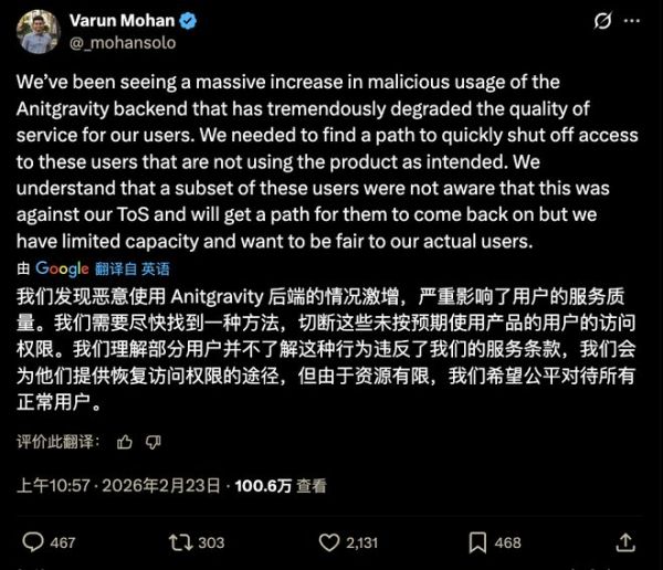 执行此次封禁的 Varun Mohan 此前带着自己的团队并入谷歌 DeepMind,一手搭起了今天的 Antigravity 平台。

==

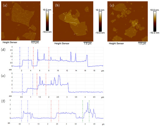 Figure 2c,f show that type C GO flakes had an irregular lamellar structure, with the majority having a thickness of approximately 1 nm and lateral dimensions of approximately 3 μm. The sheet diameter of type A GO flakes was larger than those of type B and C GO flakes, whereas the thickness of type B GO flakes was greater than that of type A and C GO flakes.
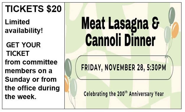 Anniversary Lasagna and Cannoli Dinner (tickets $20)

---

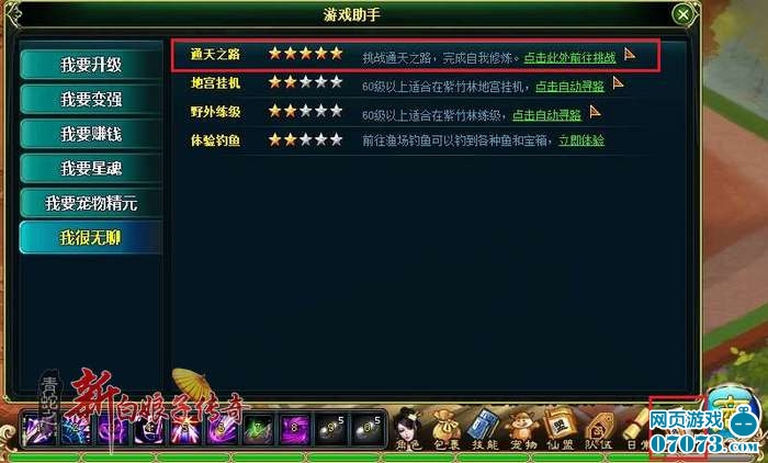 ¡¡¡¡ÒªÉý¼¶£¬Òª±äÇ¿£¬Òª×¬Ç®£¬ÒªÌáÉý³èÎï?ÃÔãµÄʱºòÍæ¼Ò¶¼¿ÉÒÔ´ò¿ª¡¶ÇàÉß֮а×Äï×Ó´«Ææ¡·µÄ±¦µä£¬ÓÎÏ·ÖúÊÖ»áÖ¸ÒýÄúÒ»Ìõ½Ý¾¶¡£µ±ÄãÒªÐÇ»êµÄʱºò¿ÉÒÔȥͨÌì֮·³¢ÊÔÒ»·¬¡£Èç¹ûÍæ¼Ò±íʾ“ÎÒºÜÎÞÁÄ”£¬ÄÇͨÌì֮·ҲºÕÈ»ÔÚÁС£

> [The task]:
Starting at the line above with "Figure 2c,f show", output every line exactly up to and including the line with "Anniversary Lasagna and", but none of the pictures.

> [Reply]:
 Figure 2c,f show that type C GO flakes had an irregular lamellar structure, with the majority having a thickness of approximately 1 nm and lateral dimensions of approximately 3 μm. The sheet diameter of type A GO flakes was larger than those of type B and C GO flakes, whereas the thickness of type B GO flakes was greater than that of type A and C GO flakes.
 Anniversary Lasagna and Cannoli Dinner (tickets $20)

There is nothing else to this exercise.